The New Release
- Industry: Retail/DVD rental
- Founded: 2002
- Defunct: 2009
- Fate: Acquired by NCR
- Headquarters: Houston, TX

= The New Release =

The New Release was a company that owned and operated DVD rental kiosks. The company was based in Houston and was part of privately held TNR Entertainment Corp. TNR was acquired by NCR in 2009. NCR had in 2008 partnered with Blockbuster to establish a channel for kiosk DVD rentals, and TNR's acquisition furthered this aim. NCR's DVD kiosks were purchased by Redbox in 2012

TNR was backed by an institutional investor group including Celerity Partners, LP of Los Angeles; Chapton Partners, LP, a Houston family partnership; Laminar Direct Capital, L.P., a member of the D. E. Shaw group of companies and MCG Capital, a leading specialized financial services company and financial advisor.

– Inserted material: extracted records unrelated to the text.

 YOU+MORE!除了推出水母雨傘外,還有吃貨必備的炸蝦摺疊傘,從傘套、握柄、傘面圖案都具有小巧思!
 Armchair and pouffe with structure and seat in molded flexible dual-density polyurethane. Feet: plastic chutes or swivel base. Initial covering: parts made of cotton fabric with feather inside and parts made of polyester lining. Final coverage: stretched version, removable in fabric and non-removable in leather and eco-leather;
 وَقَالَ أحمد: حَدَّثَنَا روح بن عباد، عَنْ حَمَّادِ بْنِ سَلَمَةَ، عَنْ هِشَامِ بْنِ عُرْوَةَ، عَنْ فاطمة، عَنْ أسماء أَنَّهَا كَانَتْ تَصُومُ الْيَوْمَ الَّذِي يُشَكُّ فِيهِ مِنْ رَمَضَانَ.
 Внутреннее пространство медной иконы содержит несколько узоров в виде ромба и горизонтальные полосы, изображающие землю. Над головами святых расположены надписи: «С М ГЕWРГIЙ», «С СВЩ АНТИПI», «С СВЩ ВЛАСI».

Each of its interactive kiosks held up to 1,000 DVDs, including new releases and classic titles. To rent a movie, consumers swiped their credit card, make their selection and the machine then dispensed the movie(s). The charge per rental was $1 per day; and keeping a DVD more than 14 days was effectively the same as purchasing the DVD.

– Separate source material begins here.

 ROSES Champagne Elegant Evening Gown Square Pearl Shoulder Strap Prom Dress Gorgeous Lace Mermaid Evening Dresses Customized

The kiosks were located at grocery stores including Albertson's, Dillon's, Kroger, Publix and others—and promotions included a “Movie Lover’s Survey,” “Movie For a Year” and a “First Movie Free.”

The company also operated kiosks under the name "moviecube," a California company which it acquired.

==History==
Founded in 2002, The New Release focused primarily on the grocery channel. The first kiosks were installed in Houston, HEB locations, with later expansion into Dallas, Kroger locations. Acquired by NCR in 2009, its kiosks eventually became the property of Redbox when Redbox acquired all of NCR's DVD rental kiosks in 2012.

==Promotions==
The New Release periodically created promotions to entice current consumers and attract new ones. The New Release held a “Movie Lover’s Survey,” where they gave away free movies to the first 500 respondents.

The New Release gave away “Movie For a Year” to 45 customers throughout North America.

In the past, The New Release produced a “First Movie Free” promotion in many of its locations nationwide.